La rubia me miró sonriendo con suficiencia, y con la boca llena de pasta dental dijo:
— Amor, la noticia la pasaron anoche. Esto no es ninguna primicia —Respondió la rubia, aclarando todas mis dudas de un saque. Quise morir y revivir para que la tierra me tragara. — La vi casi a las tres de la madrugada, cuando me levanté porque no podía dormir por el sonido de los autobuses pasar… ¿O crees que falta medio kilo de helado del freezer porque Santa Claus se lo comió? —Finalizó con sorna, volviendo al baño para escupir en el lavabo la pasta dental. Kori y yo nos miramos notoriamente incómodas, mientras ambas nos poníamos de pie para seguir a nuestra amiga por el departamento.
—Y… em… ¿Cómo te lo has tomado, Tara? —Inquirió Kori con cierta timidez, temiendo por la respuesta que pudiera recibir.
— Ya sabés… ¿Qué te puedo decir? —Suspiró Tara, apoyada en el marco de la puerta del baño. —La vida sigue y él siguió con ella… Yo no podía pretender que me esperara por siempre, ¿No? — Kori y yo asentimos con la cabeza, como dos autómatas. — Además, y lo digo de corazón, me alegro mucho por él. ¡En serio! No se merecía estar con una tipa que no quisiera lo mismo que él… Me pone muy feliz que haya encontrado a alguien con quien construir un futuro como el que él quiere. —Y dicho esto, la rubia giró sobre sus talones con absoluta tranquilidad, cerrando la puerta a sus espaldas para bañarse. Kori y yo mantuvimos silencio hasta que oímos las gotas de la ducha comenzar a caer y supimos que nuestra amiga no podía escucharnos.
— ¿Le creíste? —Preguntó la pelirroja alzando una ceja, dubitativa.
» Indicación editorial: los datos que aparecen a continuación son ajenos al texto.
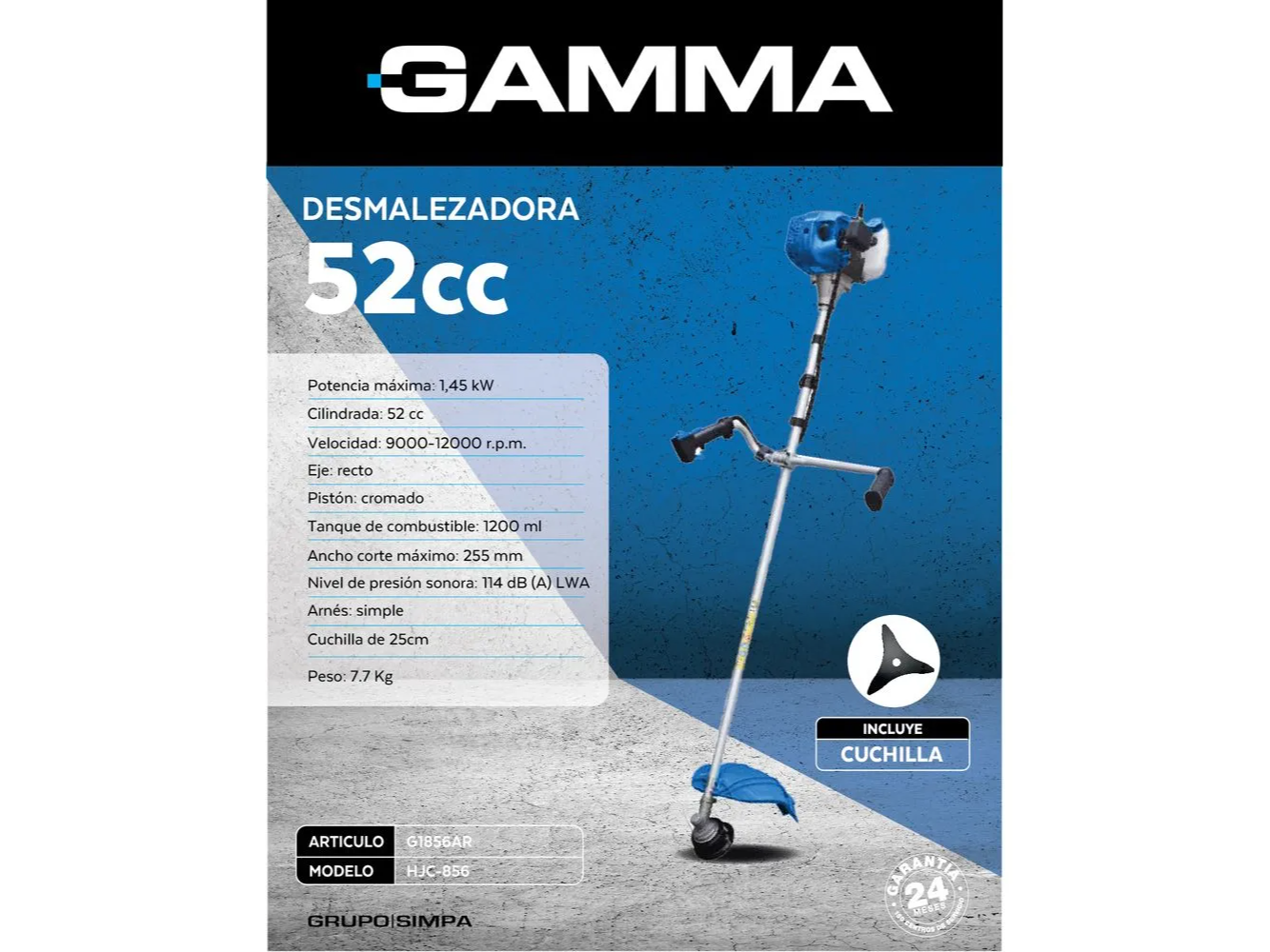 G1856ARDesmalezadora motoguadaña 52 cc - Gamma Compartir Modelo: G1856AR Potencia: 1,45 kW Cilindrada: 52 cc Velocidad: 9000 - 12000 rpm Tanque de combustible: 1200 ml Ancho corte máximo: 255 mm Nivel de presión sonora: 114 dB Cuchilla: 25 cm Arnés: simple$152.550 Observaciones 0 / 150
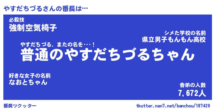 | ヒーロー風カッコイイあだ名 | 『スーパーヤスダチヅル』『黄金騎士ヤス』 |

— Ni una puta palabra —Contesté yo.
Se estarán preguntando porqué su tía y yo estábamos tan seguras de que Tara estaba mintiendo. Verán, cuando uno termina una relación y aún le quedan sentimientos por la otra persona pero la otra persona demuestra claramente que no le corresponde en ese sentir, hay una serie de mentiras que uno dice más para convencerse a sí mismo que para convencer a sus amigos. Es engañarnos a lo que no queremos ver con la esperanza de que duela menos. Durante el correr de los siglos y por toda la posteridad, las personas se han esmerado en reformar estas célebres frases con la esperanza de camuflar sus sentires mucho más; pero la triste realidad es que todos terminan diciendo lo mismo. La frase "Me alegro de corazón porque él está feliz" era un claro ejemplo de lo que acabo de explicarles. Pero no se confundan, hijos, estas mentiras no eran para nosotras. Tara no las decía con el fin de que dejáramos de preguntarle sobre su sentir, lo hacía con el fin de creérselas ella misma; pues ese es el verdadero mecanismo de estos clichés: mentirse a sí mismo.
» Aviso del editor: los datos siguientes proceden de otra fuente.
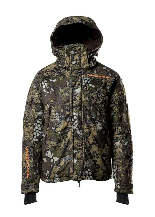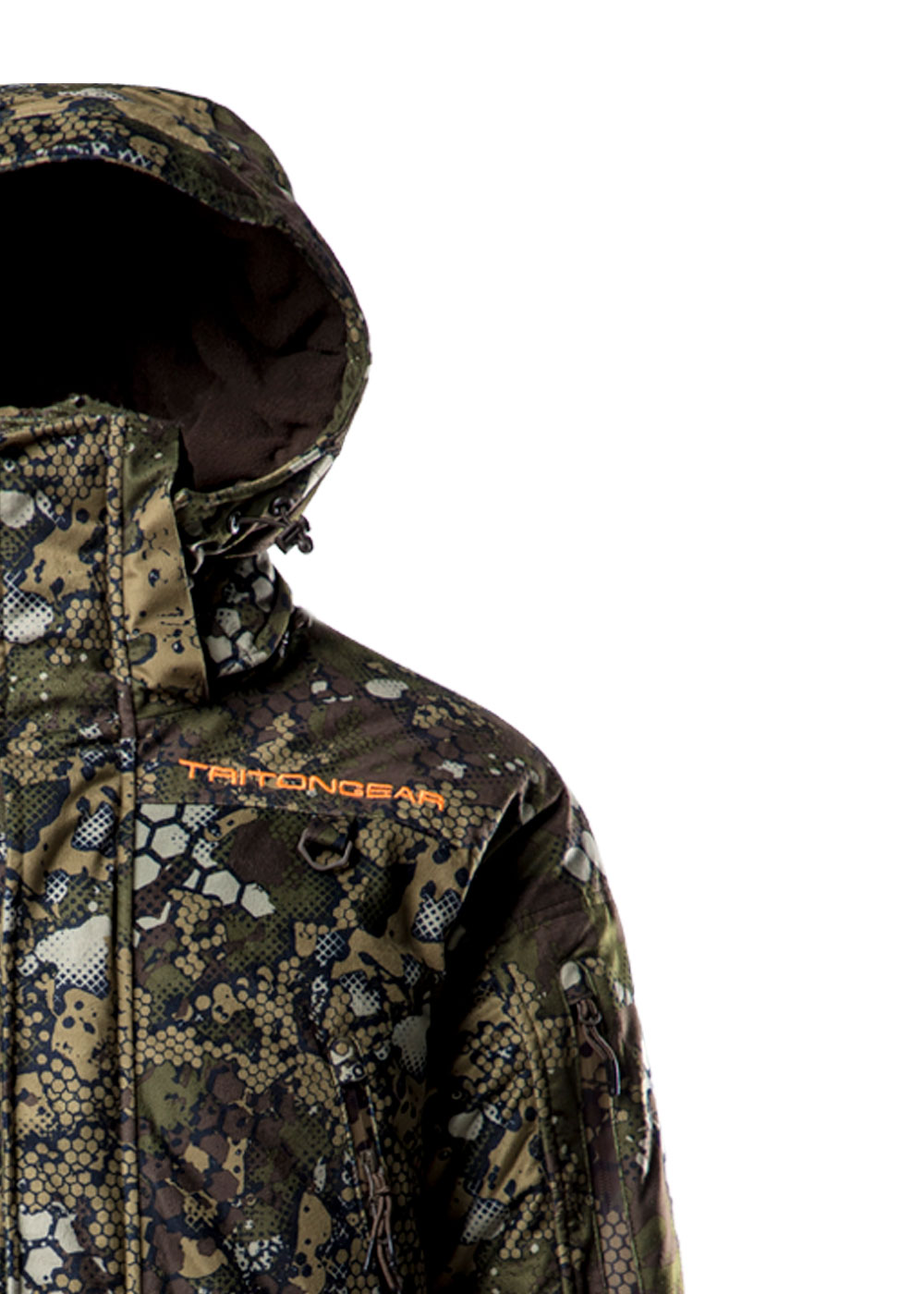 В комплект входит куртка с регулируемым капюшоном, воротник-стойкой, двухзамковой молнией и двумя боковыми карманами с флисом внутри. Один нагрудный карман имеет клапан на липучке и внутренний карман для документов. Рукава имеют манжеты с липучкой для регулировки и эластичные перчатки для дополнительного тепла.
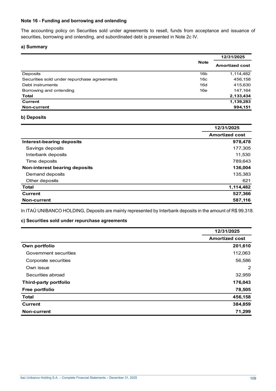 Itaú Unibanco Holding S.A. – Complete Financial Statements – December 31, 2025 Note 16 - Funding and borrowing and onlending The accounting policy on Securities sold under agreements to resell, funds from acceptance and issuance of securities, borrowing and onlending, and subordinated debt is presented in Note 2c IV. a) Summary Note 12/31/2025 Amortized cost Deposits 16b 1,114,482 Securities sold under repurchase agreements 16c 456,158 Debt instruments 16d 415,630 Borrowing and onlending 16e 147,164 Total 2,133,434 Current 1,139,283 Non-current 994,151 b) Deposits 12/31/2025 Amortized cost Interest-bearing deposits 978,478 Savings deposits 177,305 Interbank deposits 11,530 Time deposits 789,643 Non-interest bearing deposits 136,004 Demand deposits 135,383 Other deposits 621 Total 1,114,482 Current 527,366 Non-current 587,116 In ITAÚ UNIBANCO HOLDING, Deposits are mainly represented by Interbank deposits in the amount of R$ 99,318. c) Securities sold under repurchase agreements 12/31/2025 Amortized cost Own portfolio 201,610 Government securities 112,063 Corporate securities 56,586 Own issue 2 Securities abroad 32,959 Third-party portfolio 176,043 Free portfolio 78,505 Total 456,158 Current 384,859 Non-current 71,299 109
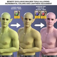 Adjust everything with the included Builder Tools! The figure is too dark? Is it too blue? Not enough green? Play with the incremental builder tools to increase the lightness, reduce the blue, increase the green, etc, of your current skin. They will iteratively adjust the lightness and the color of your figure to your taste.
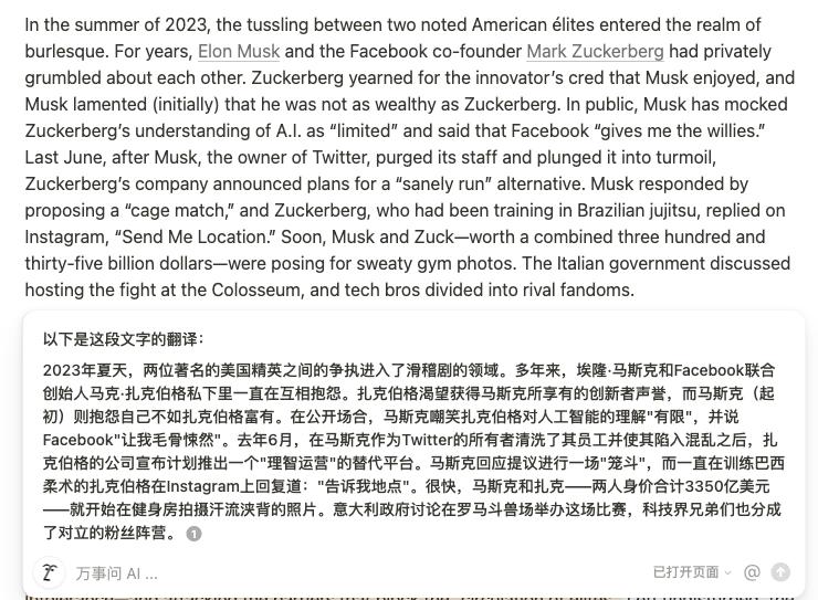 这样做的好处是,用户可以「贪得无厌」,从段落中直接重新唤起 AI 助理,完成翻译或总结,提炼工作。

De modo que cuando Tara nos dijo eso aquel día, Kori y yo paramos nuestras antenas, expectantes ante las señales que nuestra amiga iba dando sobre cuánto le seguía importando Benjamin. Pero lo que ninguna de las dos supuso, fue la propuesta con la que Tara se alzó tras salir de la ducha.
— Pasenme el teléfono —Indicó la rubia mientras se secaba el cabello con la toalla. Kori y yo nos miramos intrigadas.
— Tara… ¿A quién pensás llamar? — Preguntó Kori cruzándose de brazos, preparada para la locura con la que nuestra rubia amiga nos podía llegar a salir. La rubia puso los ojos en blanco y le arrebató el teléfono de las manos a Kori, quien se precipitó hacia ella para intentar recuperar el artefacto. Pero la supermodelo la detuvo con un gesto de su mano.
— Kori, tranquila. No voy a mandar a matar a Benjamín, ¿sí? Todavía no hice ninguna amistad con algún mafioso — Pero esa respuesta no nos dejaba tranquilas y lo demostramos en nuestros rostros. Tara volvió a bufar, harta de nuestra inseguridad y dijo: —. Calmense. No voy a hacer nada estúpido, se los prometo. Solamente tengo que hacer una llamada.
— De acuerdo — Acepté yo, deteniendo a Kori que pensaba arrebatarle el teléfono de todos modos. —. Estaremos en la cocina por si nos necesitas.
— No es necesario que se vayan — Aseguró la rubia. —. De hecho, sería conveniente que se quedaran, esto también les compete a ustedes.
— Tara te juro que si le hacés algo a Benjamin y nos implicás a nosotras te echo del departamento —Le advirtió Kori, librándose de mi agarre para acercarse a Tara amenazadoramente.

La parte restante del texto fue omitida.